As he stopped to refill his coffee mug, Roger Terry began to recall some of the comments he had heard from various members of the single-block product development team (see the comments reproduced below). The following comments were gathered from informal conversations with ALPHA program team members after the project's completion. "Very large portions of time were lost because of having to go back and reinvent the wheel and make ALPHA something it was never proposed to be." "We struggled with the project because of our relationship with Whirlpool. They wanted exclusivity. We were trying to maintain secrecy, working only with them, when we really needed the whole market to speak out. We don't have any real marketing department, we have a sales department that takes care of the ongoing business." "Part of the problem is that you end up with two masters here. You've got the engineering guy who is always worried about the material content and uniqueness of design, and you've got an operations guy who's only worried about the automation and the labor content. The structure and incentives in the organization sometimes pit functions against one another." "The design for manufacture efforts in the beginning included quality and tooling people from operations at headquarters, but plant manufacturing people only first heard of the ALPHA concept after parts had been designed, and tooling orders were about to be released."
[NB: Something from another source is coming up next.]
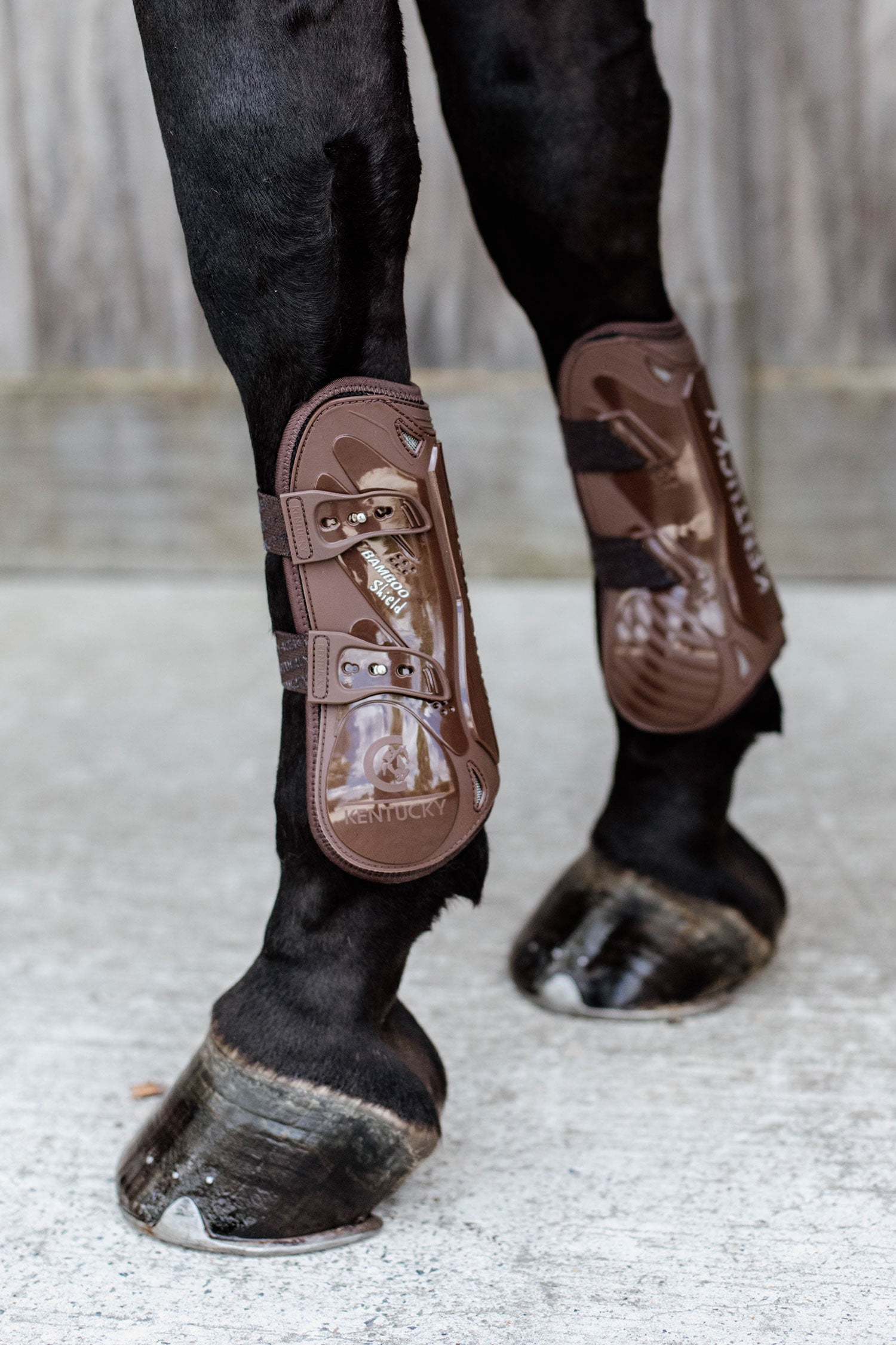 Gamacherne er lavet af et stærkt TPU-skal med flere ventilationshuller. Senområdet er forstærket med Kentuckys bambusskjold for at undgå gennemtrængning. Hvor hesten bøjer benet, har Kentucky tilføjet et blødt stykke naturgummi for at undgå friktion.

"I don't know what we could have done to try harder-I mean, we made people available, and tried to schedule sessions with all the appropriate functional areas and people who where in the know, and participate and critique and give us their feedback. Even though we made all those efforts to get input, as time goes on and people change, and the complexity of it unfolds, and you've got people at Whirlpool saying we didn't do our homework-we did not ask them what they wanted. But we came and asked and asked and asked!" "There is a culture within the company of limited information sharing. When things went wrong, instead of dealing with facts, things were rearranged to make it seem a little bit better for whatever reason. A lot of doubt was generated within the company and then a lot of doubt was generated in ‘customer-land.' It just started building-this great big wall of doubt. Our customers asked us if we were having design problems, and we said ‘No.' They knew better." "No one person was responsible for the entire project. Operations did their thing; engineering did their thing, but early on no one coordinated things. When push came to shove, when a decision had to be made quickly, then one person needed the authority to get the plant people, operations people, quality people, engineering people, and sales people together to decide once and for all what to do." "We really didn't have the kind of input into equipment design and manufacturer choices that we needed to have. The headquarters group always had the final say. Consequently, there are several changes that we will make to get further cost reductions and quality improvements in the next few years that we could have had right off the bat."

Questions

1. How would you describe the team members' morale at this point? What are their primary concerns?

2. Given the team members' comments, what advice would you give Roger Terry regarding the forthcoming double-block timer development effort?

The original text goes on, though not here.